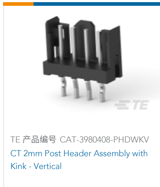
TE 产品编号 CAT-3980408-PHDWKV CT 2mm Post Header Assembly with Kink - Vertical
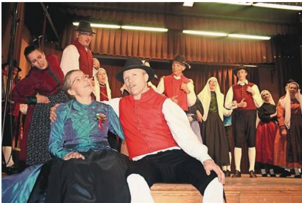
Ptički za ptičke - folklorna skupina Gartrož iz Nove Gorice

Devet folklornih in prav toliko pevskih skupin je v soboto v Tolminu, v nedeljo pa v Spodnji Idriji v organizaciji tamkajšnjih izpostav JSKD občinstvo popeljalo med ljudske plesе, pesmi in glasbo minulih časov. Folklorne skupine bodo tudi ocenjene.
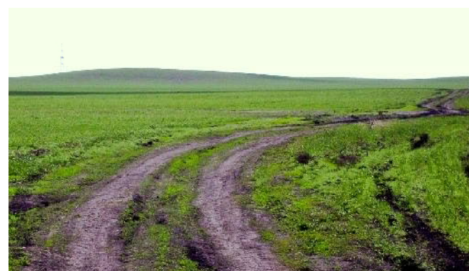
Между Евлашевом и Селитьбой
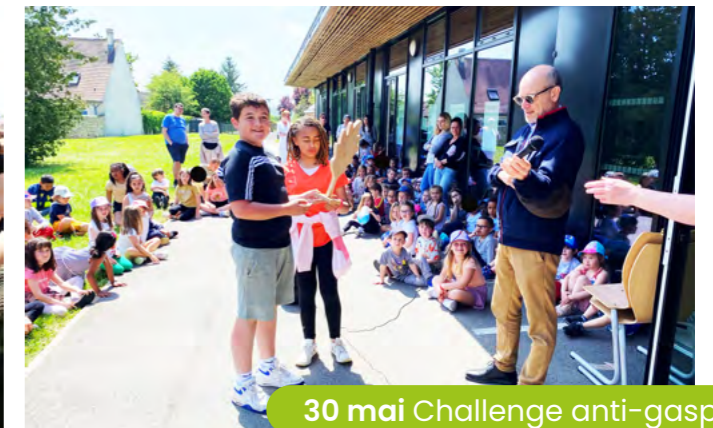
30 mai Challenge anti-gaspillage

──────

The line that contains "Devet folklornih in" opens the part to copy, and the last line of the records closes it; set down those lines exactly, pictures excluded.

Devet folklornih in prav toliko pevskih skupin je v soboto v Tolminu, v nedeljo pa v Spodnji Idriji v organizaciji tamkajšnjih izpostav JSKD občinstvo popeljalo med ljudske plesе, pesmi in glasbo minulih časov. Folklorne skupine bodo tudi ocenjene.
Между Евлашевом и Селитьбой
30 mai Challenge anti-gaspillage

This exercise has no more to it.